The Welsh chief vet has issued a plea to the public to think twice before setting off sky lanterns.
Christianne Glossop said the lanterns, which are constructed from paper, a wire or wooden frame and a lighted candle, were a fire risk and a danger to animals.
“The release of sky lanterns is still quite a common sight in many parts of Wales, however, I am keen to remind people of the hidden dangers of these devices,” Dr Glossop said.
“Lanterns can and do pose a serious danger to livestock, other animals and buildings. Indeed a recent independent report found that the fire risk associated with the use of sky lanterns – to agricultural crops, buildings and moorland – is significant.”
She also emphasised the danger to animals.

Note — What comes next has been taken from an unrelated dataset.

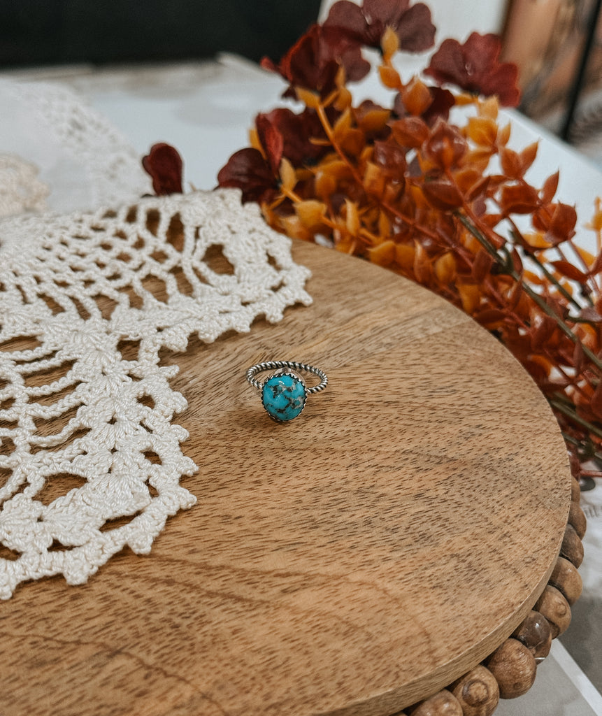 Size 6, sterling silver ring with authentic turquoise.

“We know that ingestion of debris from lanterns can and has, caused penetration of an animal’s digestive tract leading to peritonitis, heart problems and in some cases death,” said Dr Glossop.
“We know that ingestion of debris from lanterns can and has, caused penetration of an animal’s digestive tract leading to peritonitis, heart problems and in some cases death.”
Christianne Glossop, Wales’ chief vet
“I would therefore urge people to think twice before releasing lanterns and to carefully assess the impact that the lantern could have on the area surrounding its release,” she added.
A Welsh Assembly Government spokeswoman said that two Welsh local authorities had already implemented a ban on the release of sky lanterns on council-owned land.
“This has had a positive impact in terms of preventing large-scale releases and in raising public awareness locally,” the spokeswoman said.
Last month Welsh farm minister Alun Davies said he would encourage other local authorities to follow the approach and would also raise the issue with charitable organisations to ensure that they considered the wider impacts of releasing balloons or sky lanterns at their events.